The trial lasted three weeks. The jury deliberated for less than five hours before returning a verdict:
Guilty on all 7 counts.
| Count | Charge | Verdict |
|---|---|---|
| 1 | Wire fraud on FTX customers | Guilty |
| 2 | Wire fraud conspiracy on FTX customers | Guilty |
| 3 | Securities fraud on FTX investors | Guilty |
| 4 | Securities fraud conspiracy | Guilty |
| 5 | Wire fraud on Alameda lenders | Guilty |
| 6 | Commodities fraud conspiracy | Guilty |
| 7 | Money laundering conspiracy | Guilty |
In March 2024, SBF was sentenced to 25 years in federal prison — one of the longest sentences ever handed down for financial fraud.
Contagion and Fallout
The FTX collapse did not happen in isolation. The shockwave hit the entire industry:
- BlockFi — filed for bankruptcy within weeks, citing FTX exposure
- Genesis — halted withdrawals, eventually filed for bankruptcy
- Digital Currency Group (DCG) — faced severe financial pressure
- Crypto.com, Coinbase, Kraken — all saw massive deposit outflows as trust collapsed
- Bitcoin fell from ~$21,000 to ~$16,000 in the week of collapse
- The total crypto market cap dropped by ~$200 billion in two weeks
The collapse also accelerated regulatory action globally. The EU's MiCA regulation — already in progress — gained political urgency. In the US, Congress launched multiple hearings and the SEC dramatically increased enforcement actions.
Legacy
The FTX collapse is widely considered a defining moment in crypto history — and one of the largest financial frauds ever committed. It became shorthand for everything wrong with the industry: opacity, conflicts of interest, celebrity endorsements masking fraud, and the dangerous concentration of power in unregulated centralized exchanges.
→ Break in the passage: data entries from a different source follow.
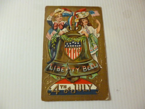 Title (ebay affiliate link): 4th of July Antique 1909 Post Card Embossed Liberty Bell Children & Flags
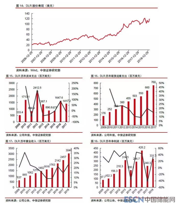 案例:DigitalRealtyTrust,全球最大批發(fā)型數(shù)據(jù)中心。Digital Realty Trust(數(shù)字房地產(chǎn)信托公司,簡稱DLR)2004年上市時擁有23座數(shù)據(jù)中心,占地52萬平方米。自2004年上市以來,DLR派息額逐年增加,曾經(jīng)入選全球Top 20 Dividend Stocks。借助REITs化帶來的融資能力,DLR目前在全球擁有214座數(shù)據(jù)中心,近三年的營業(yè)收入為21.4/24.6/30.4億美元,(+21.5%/14.7%/24%),近三年凈利潤為4.3/2.5/3.3億美元(+43.7%/-41.8%/33.4%)。
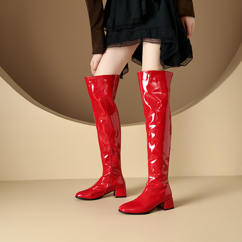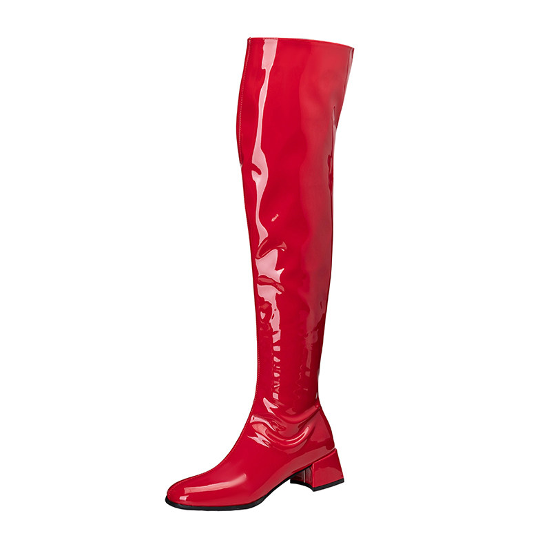 欧美外贸跨境时尚中跟过膝长靴女大码粗跟高筒靴模特走秀靴时装靴
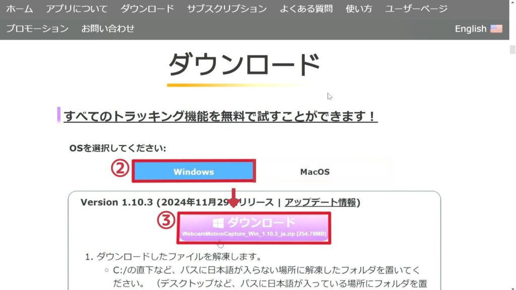 WINDOWS版のダウンロード方法です。
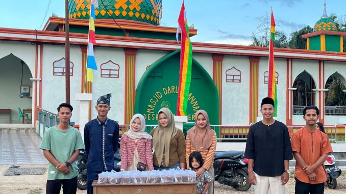 Pembagian paket takjil gratis bagi masyarakat dipimpin langsung founder SYD Law office Suryadi SH MH,dan turut membersamai pemuda/i desa balam merah di depan masjid Darul jannah pada Senin (16/3).
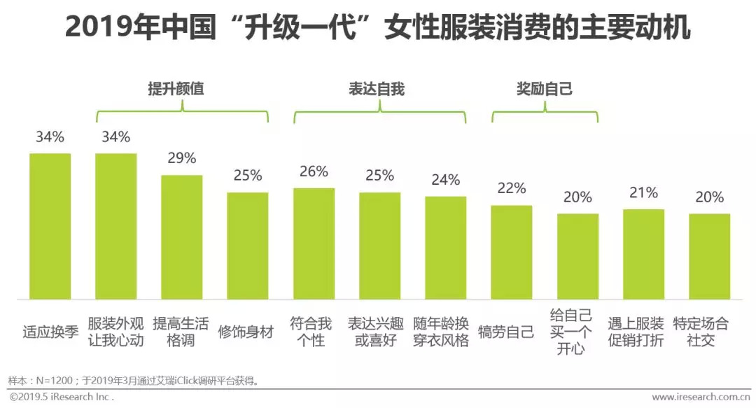 除“适应换季”(占比34%)这一刚需外,“服装外观”的颜值打动占比34%,其次是“提升生活格调”与“修饰身材”,分别占比29%、25%;“升级一代”女性也偏好用服装表达自我,其中,服装款式“符合我个性”占比26%,“表达兴趣或爱好”占比25%。
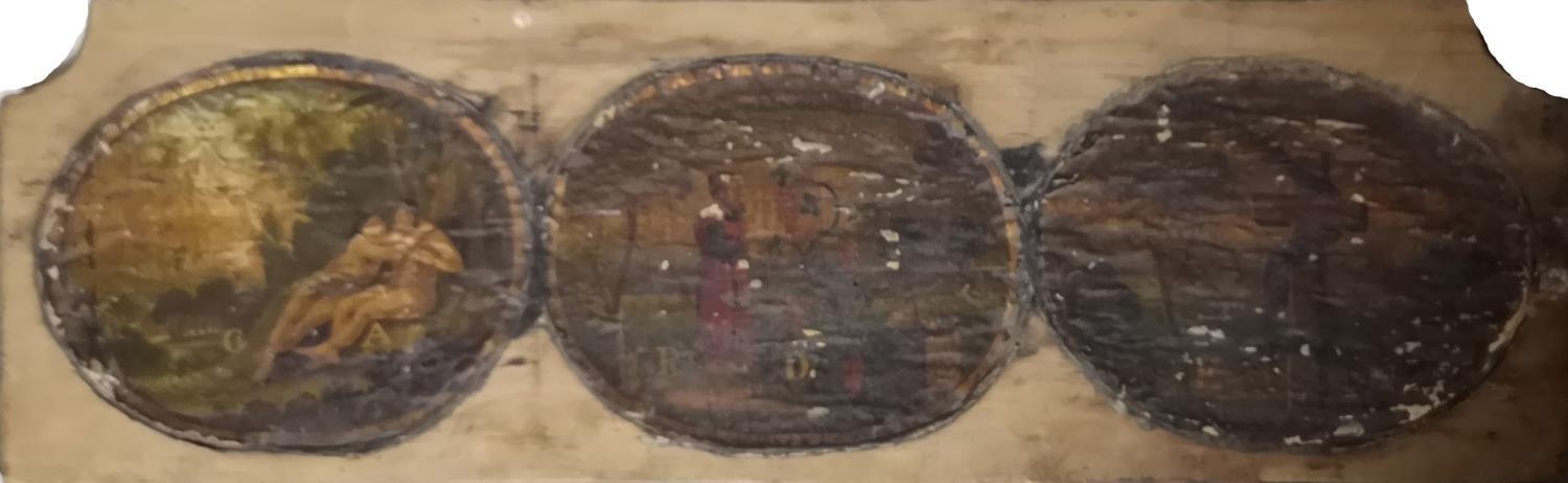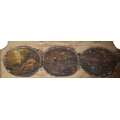 A 17TH CENTURY ENGLISH PANEL OF THREE VIEWS OF THE GARDEN OF EDENTo include Adam and Eve under a tree and a Serpent around a cross. (w 73cm x h 23cm)

At the same time, it accelerated the argument for self-custody ("not your keys, not your coins"), on-chain transparency, and decentralized exchanges — the very principles that crypto was founded on before centralized platforms grew to dominate.
John Ray III, appointed as FTX's new CEO during the bankruptcy (the same person who oversaw the Enron bankruptcy), described FTX as having "a complete failure of corporate controls" and said in a court filing: "Never in my career have I seen such a complete failure of corporate controls and such a complete absence of trustworthy financial information."
SBF remains in federal custody. His lawyers have filed an appeal.